_WHAT THE TASK ASKS_
Leave the pictures aside and copy all the data exactly.

_SOURCE DATA_
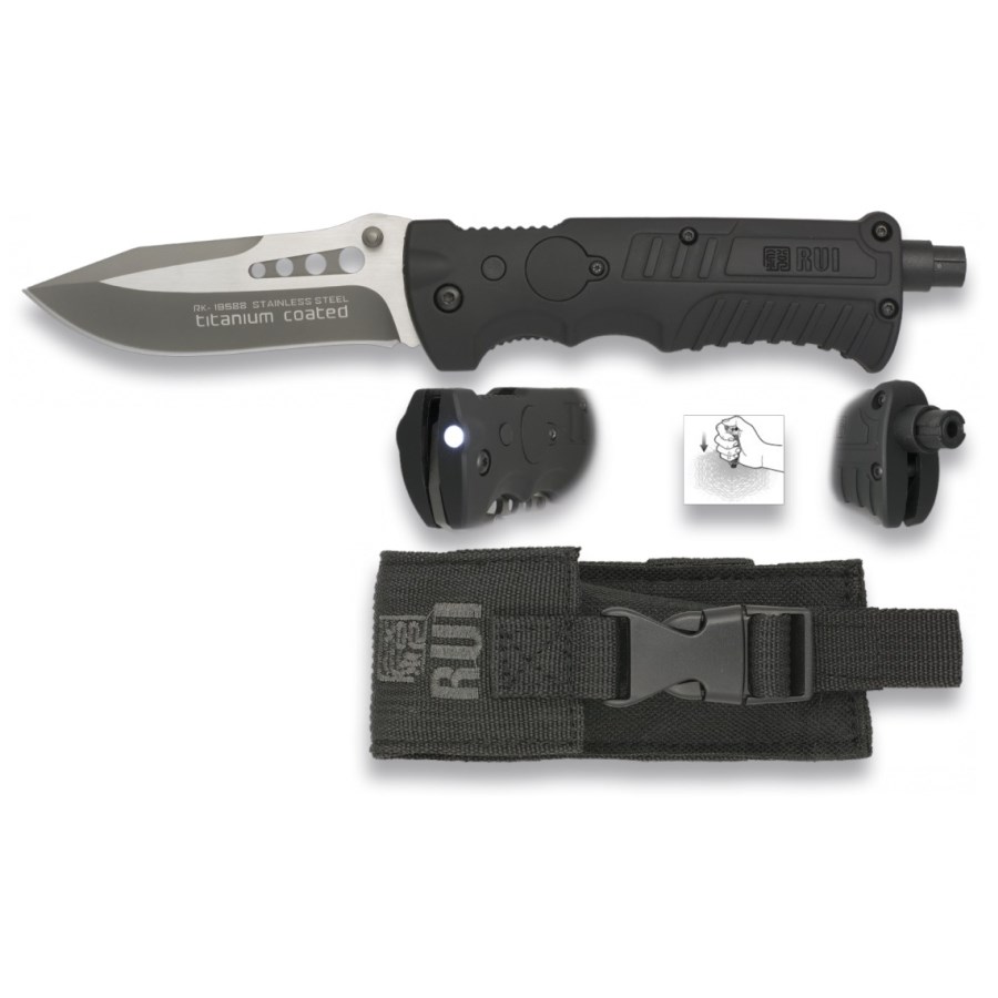 Coltello pieghevole del marchio spagnolo RUI TACTICAL. La lama è realizzata in acciaio inossidabile con rivestimento in titanio che ne migliora le proprietà. Il filo ha una levigatura liscia ed è caratterizzato da un'elevata affilatura. Per il manico è stato utilizzato alluminio, rivestito in gomma per una migliore presa. Nel manico si trovano anche una luce LED di emergenza e un rompivetro. Il coltello è fornito con un robusto fodero in nylon.
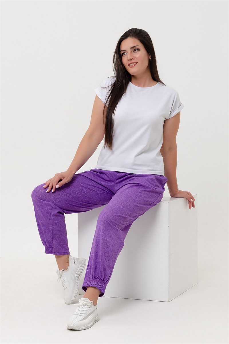 Брюки женские, свободные по бедрам, низ передней части брюк на резинке. Пояс выполнен на многоигольной машине. На передней части брюк внутренние карманы.
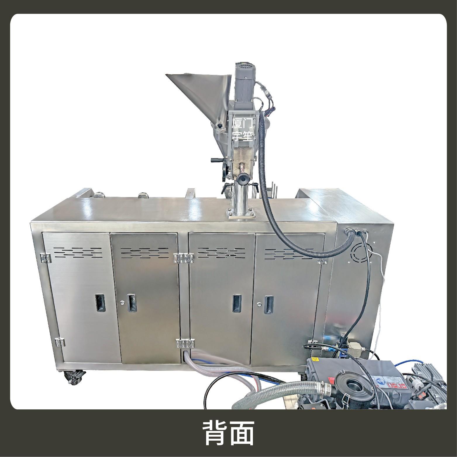 2、包裝流程全自動(dòng),可抽真空(真空度可達(dá)到-0.1Mpa)??筛鶕?jù)充填物料的性質(zhì)選配不同的下料結(jié)構(gòu)。

_RESULT OF THIS TASK_
 Coltello pieghevole del marchio spagnolo RUI TACTICAL. La lama è realizzata in acciaio inossidabile con rivestimento in titanio che ne migliora le proprietà. Il filo ha una levigatura liscia ed è caratterizzato da un'elevata affilatura. Per il manico è stato utilizzato alluminio, rivestito in gomma per una migliore presa. Nel manico si trovano anche una luce LED di emergenza e un rompivetro. Il coltello è fornito con un robusto fodero in nylon.
 Брюки женские, свободные по бедрам, низ передней части брюк на резинке. Пояс выполнен на многоигольной машине. На передней части брюк внутренние карманы.
 2、包裝流程全自動(dòng),可抽真空(真空度可達(dá)到-0.1Mpa)??筛鶕?jù)充填物料的性質(zhì)選配不同的下料結(jié)構(gòu)。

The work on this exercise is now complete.